"Limited" Irresistible Grace?
God has infinite love, mercy, and grace towards all, and not willing that any should perish. Calvinism, however, limits God's grace and mercy. Christ was asked whether few would be saved, and He stated that indeed there would be few (Matt. 7.13-14; Luke 13.23-28)--not because God limits His grace, but because so few are willing to repent and believe the gospel; indeed, Christ continually urged men to enter the path to eternal life. Calvinists boldly admit they did not repent or even believe to come to regeneration.
Why do Calvinists avoid these verses so much? Because they contradict Calvinism. Christ very clearly puts upon the unregenerate the responsibility of entering the kingdom. "Enter ye in at the straight gate...straight is the gate, and narrow is the way, which leadeth unto life, and few there be that find it" (Matt. 7.14).
These are very un-Calvinistic terms. Why should Christ gives such a warning if one could only come into the kingdom through having been predestined to salvation and sovereignly regenerated, without any understanding, repentance, or faith?
John Calvin admits what "mercy...illuminates God's grace by this contrast: that he...gives to some what he denies to others." God illuminates His grace by not extending it to multitudes!? Somehow, by limiting His grace, God enlarges our appreciation of the wellspring from which His mercy flows!? And we are to praise Him all the more because He gives only to some that which He could extend to all? This is Calvinism.
Imagine a man in a barge, surrounded by a thousand desperate people who have no life jackets and who can keep themselves afloat in the icy water for only a few more minutes. This man has the means of saving every one of them from a watery grave, and more than enough room and complete provisions on the barge for them all. He plucks only 150 from certain death, leaving the rest to drown because it pleased him to do so.

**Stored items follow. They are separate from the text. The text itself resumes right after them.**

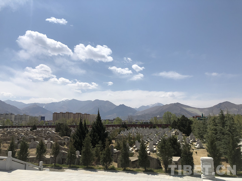 當(dāng)晚入住酒店,因?yàn)閾?dān)心大家身體對(duì)高海拔環(huán)境不適應(yīng),沒有安排什么活動(dòng),晚餐后早早休息。次日一早,我們前往位于拉薩西郊的拉薩烈士陵園。路過花店,精心挑選菊花、向日葵等鮮花做成的花束,并挑選了幾條潔白的哈達(dá)。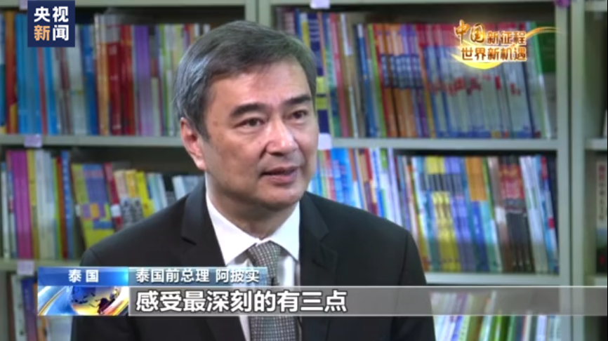 泰国前总理 阿披实:我对习近平主席治国理政理念感受最深刻的有三点,一是以科学为依据制定发展目标,这意味着任何行动都需要有充分的理论支持。二是在决定国家发展方向的时候,坚守初心,无论世界风云如何变化,坚持政治理想,与时俱进,适时做出调整。三是在制定国家发展规划时,坚持人民至上,保障国家治理真正符合人民利益。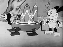 Though naked, the terrier takes the boot, and tosses it off an edge of Fairy Land. The terrier thinks he has the last laugh, and goes on to howl loudly. A giant Fairy Land inhabitant finds the howling bothersome, and therefore hurls a jar. The terrier finds his head stuck in the jar, prompting that canine to leave the scene for good. Oswald goes to also do some howling, thus irritating more inhabitants who hurl boots at him. Oswald then collects the boots and offers them to the creatures as replacements for the discarded one.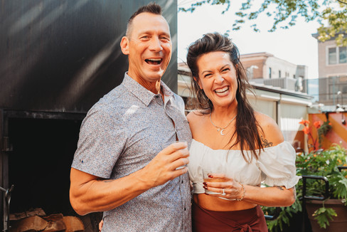 After a few casual shots and smiles all around, Rich led Kitty outside to the cozy patio fireplace. The ambiance was warm and inviting, with soft flickers of light and the quiet buzz of a Minneapolis evening. And there, in front of the fireplace, he got down on one knee. Kitty’s reaction was a beautiful mix of surprise, joy, and tears. It was pure magic to photograph.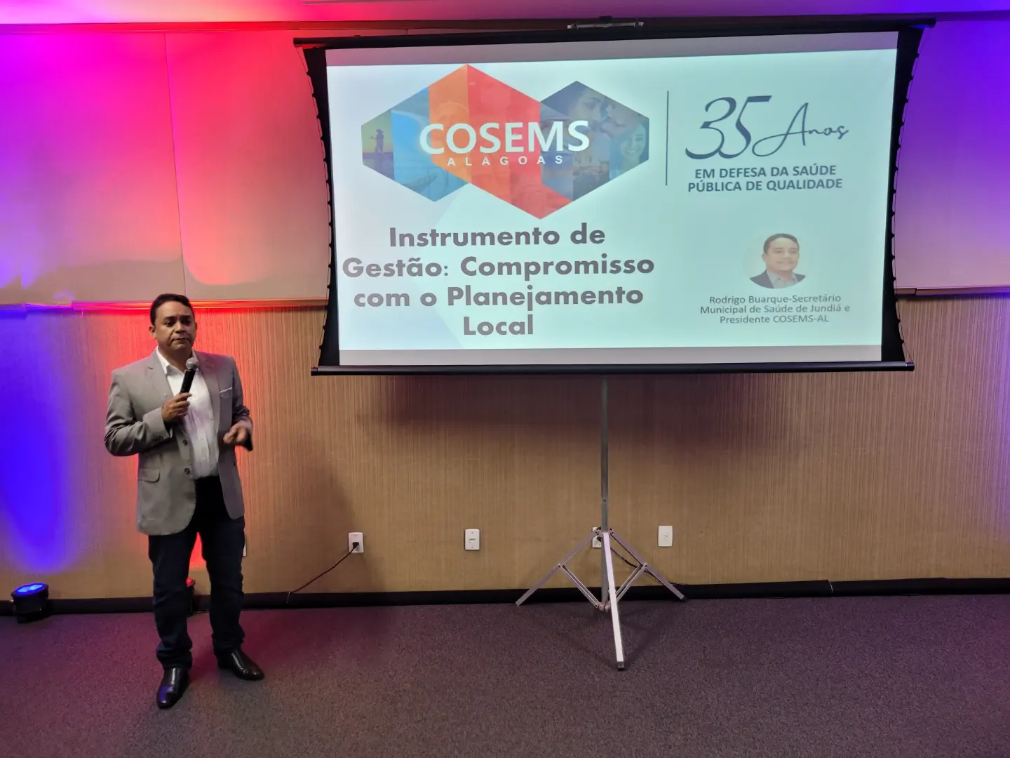 A aplicabilidade dos instrumentos de Gestão enquanto compromisso com o planejamento dos municípios alagoanos foi a temática de Saúde que movimentou as discussões hoje pela manhã no Congresso da Associação dos Municípios Alagoanos (AMA). De forma descontraída e objetiva o presidente do Cosems-AL Rodrigo Buarque falou sobre o assunto de forma técnica e prática. Rodrigo explicou sobre a importância de planejar; legislação: planejamento governamental; legislação: planejamento no SUS; instrumentos de gestão no SUS; DigSUS Gestor – módulo; e planejamento Siops.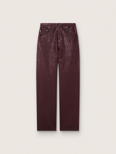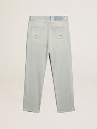 A unique, timeless collection that encompasses the essence of Golden Goose, designed to remain with you every day and accompany your highs and lows, come rain or shine. These bleached-wash jeans feature a wide leg with worn areas on the knee and cabochon crystals on the legs. The detachable white patch with a finely embroidered letter G in red adds the finishing touch. DETAILS Item No. GWP00844.P000626.50100 - Color: bleached blue - Cabochon crystals - Double gold star on the back - Detachable white patch with embroidered red letter G - Wide leg - Five pockets - Distressed treatment - Main material: 100% cotton - Pocket lining: 65% polyester, 35% cotton - Made in Italy The model is 177 cm tall and is wearing a size 27 (IT).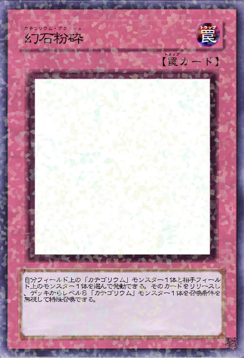 | 自分フィールド上の「カテゴリウム」モンスター1体と相手フィールド上のモンスター1体を選んで発動できる。そのカードをリリースし、デッキからレベル8「カテゴリウム」モンスター1体を召喚条件を無視して特殊召喚できる。 | |||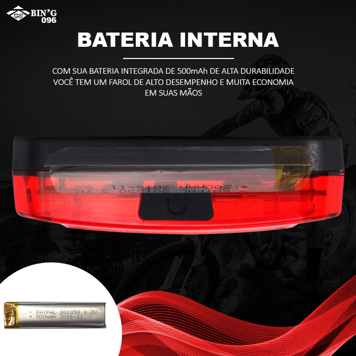 Feita com materiais plásticos de alta qualidade, esta lanterna traseira LED é resistente a chuva e recarregável via USB.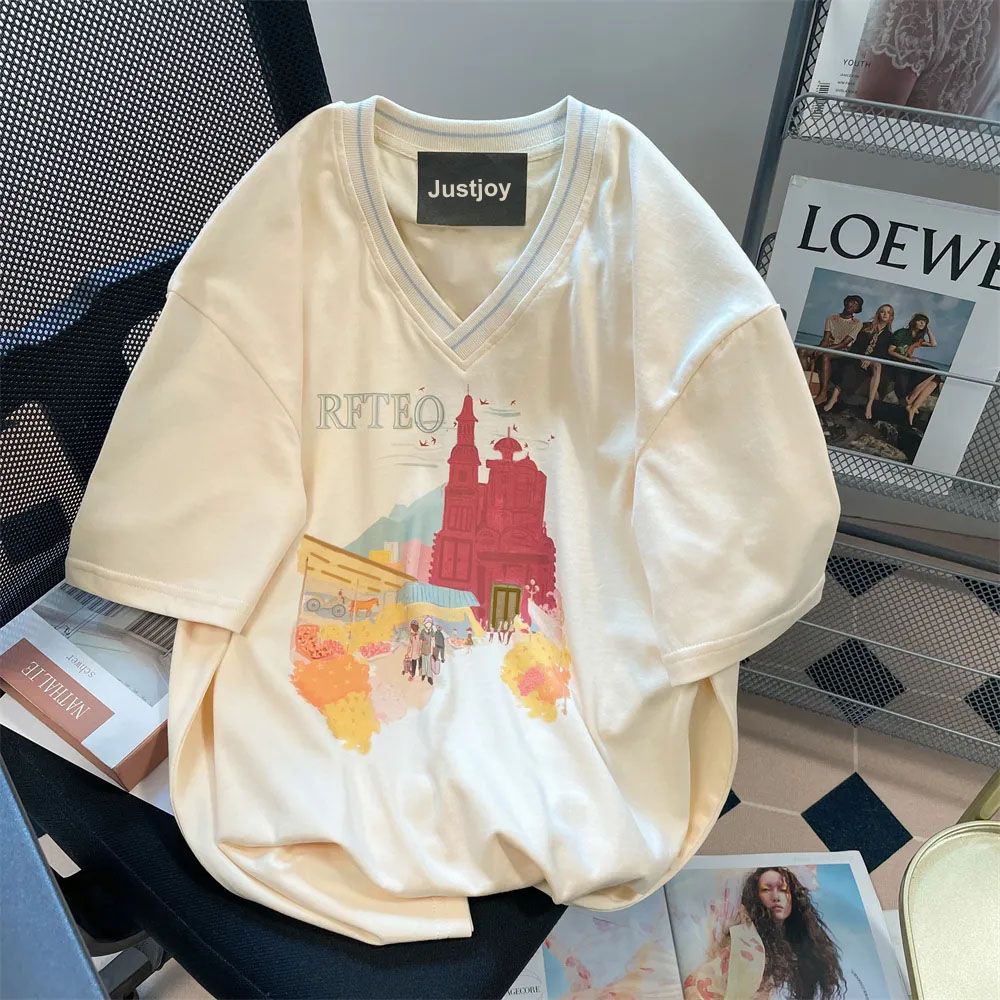 法式复古油画印花v领短袖T恤男女夏季港风大码设计感纯棉情侣上衣

The next day, would the newspapers have banner headlines praising this man for being so kind, gracious, and merciful because he rescued 150 and left 850 to die--or even if he rescued 850 and left to their fate only 150, whom he could have saved? Hardly. By the conscience God has given to even those who think they were "totally depraved" and now regenerated as Calvinists, even they would condemn such despicable behavior. So why have this standard for God that differs from your own for the only reason being that you don't want to have to repent to the cross and believe in Christ to be regenerated?
No one with any sense of morals that God has imprinted upon every conscience could praise such a man for leaving anyone to drown he could have saved.
Yet we are suppose to believe that God refrains from rescuing billions whom He just as well could have saved? And we are to praise Him all the more for having limited His love, mercy, and grace? Such is the teaching of Calvinism!